Too much glucose* also called sugar, in your blood from diabetes can cause pain, infection, and other problems in your mouth. Your mouth includes

  • your teeth
  • your gums
  • your jaw
  • tissues such as your tongue, the roof and bottom of your mouth, and the inside of your cheeks

Drawing of the profile of a woman’s face with the jaw labeled. Inset of the mouth with the teeth, gum, roof of the mouth, bottom of the mouth, tongue, and inside of cheek labeled. A second inset of a tooth with the tooth and gum labeled.

Glucose is present in your saliva—the liquid in your mouth that makes it wet. When diabetes is not controlled, high glucose levels in your saliva help harmful germs, called plaque, grow.
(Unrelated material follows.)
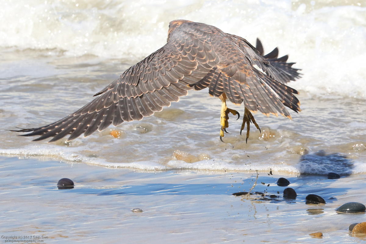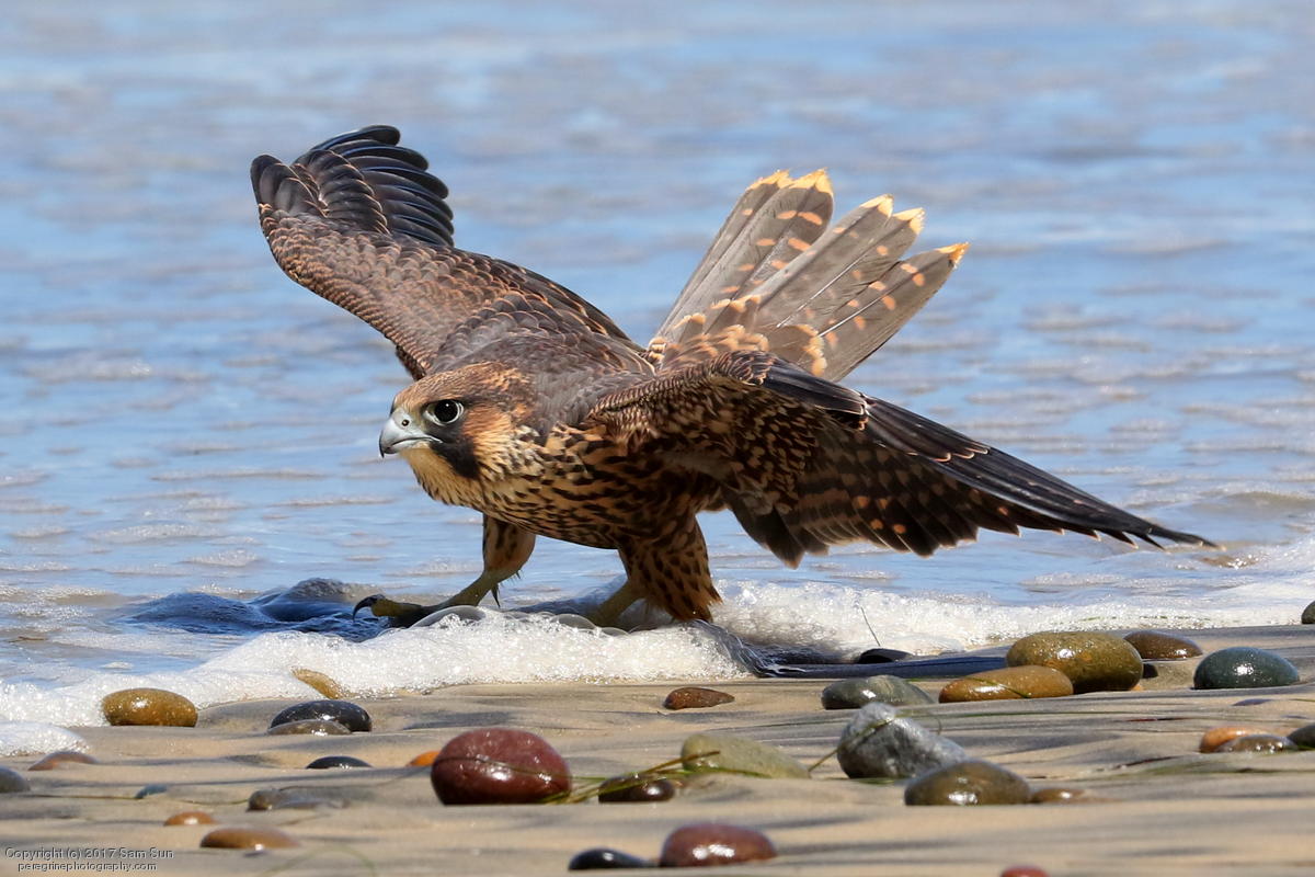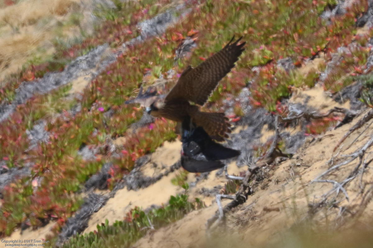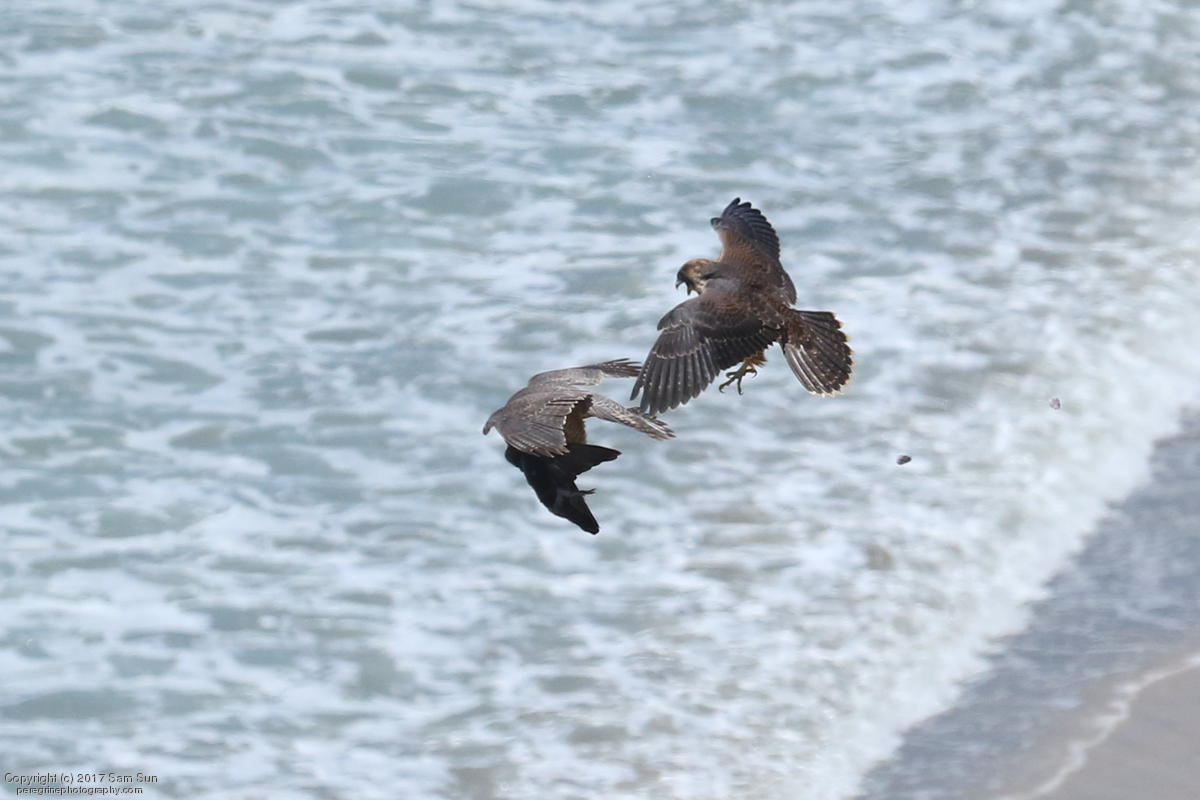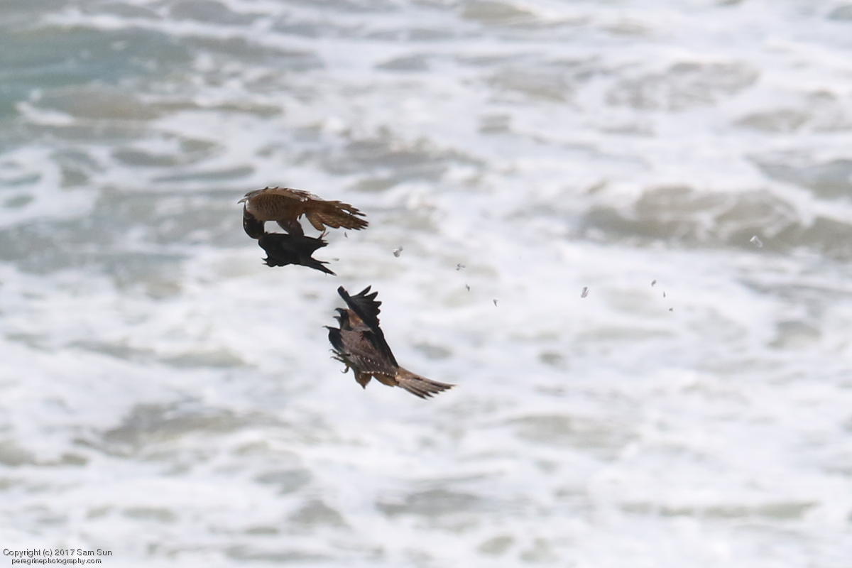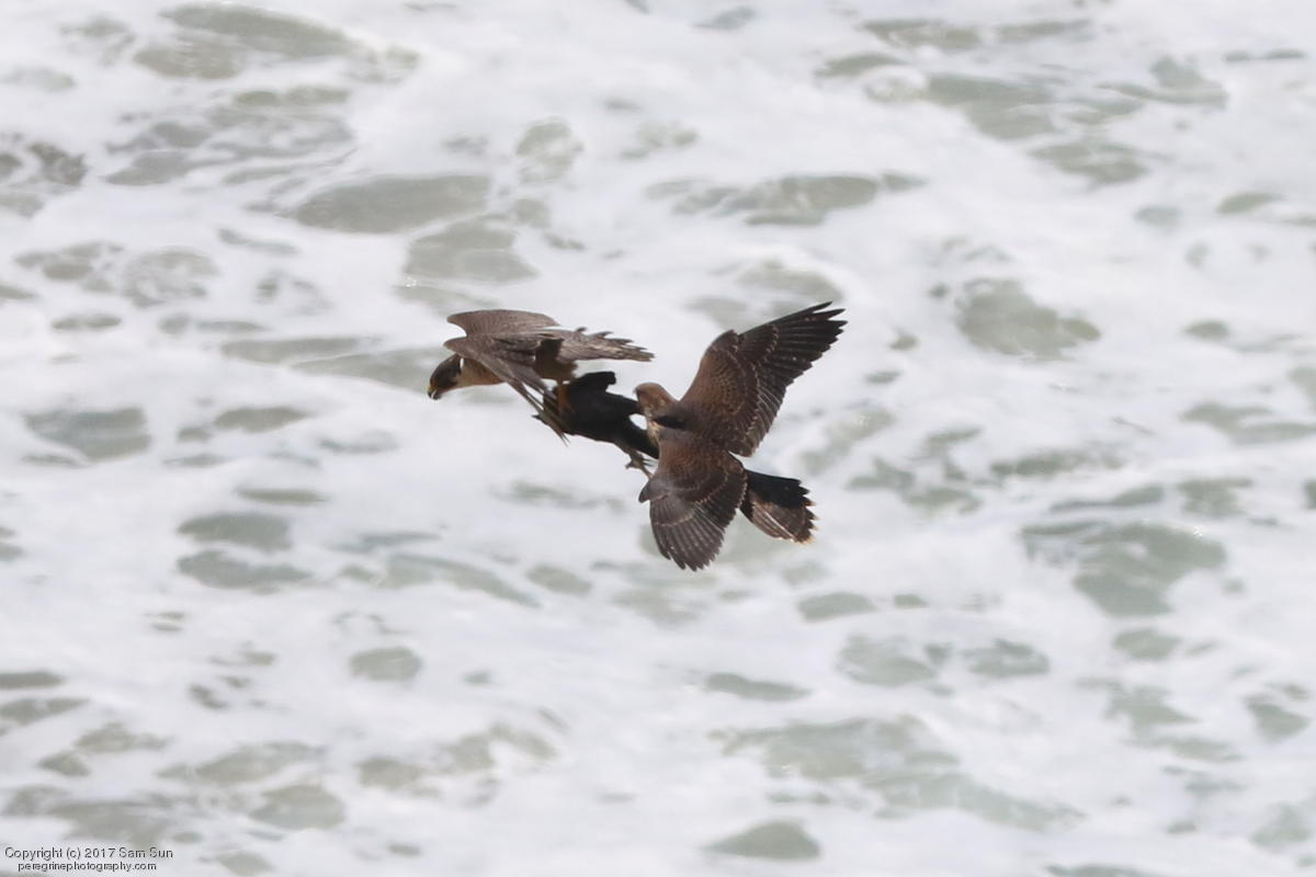 I was out at Torrey Pines for a long 10 hour day! Quite a bit of activity with a juvenile exploring the beach, some dogfights, chases, and food exchanges. A juvenile had gone swimming around mid-day yesterday, so several photographers were waiting on the beach hoping for a repeat. It seemed a bit more shy of the water today.

Plaque also comes from eating foods that contain sugars or starches. Some types of plaque cause tooth decay or cavities. Other types of plaque cause gum disease.

Image of high glucose levels with an equal sign and an upward pointing arrow before the word “plaque,” to show that high glucose levels lead to higher plaque levels.

Gum disease can happen more often, be more severe, and take longer to heal if you have diabetes. In turn, having gum disease can make your blood glucose hard to control. Some studies show that treating your gum disease makes it easier to control your blood glucose.

*See the Pronunciation Guide for tips on how to say the underlined words.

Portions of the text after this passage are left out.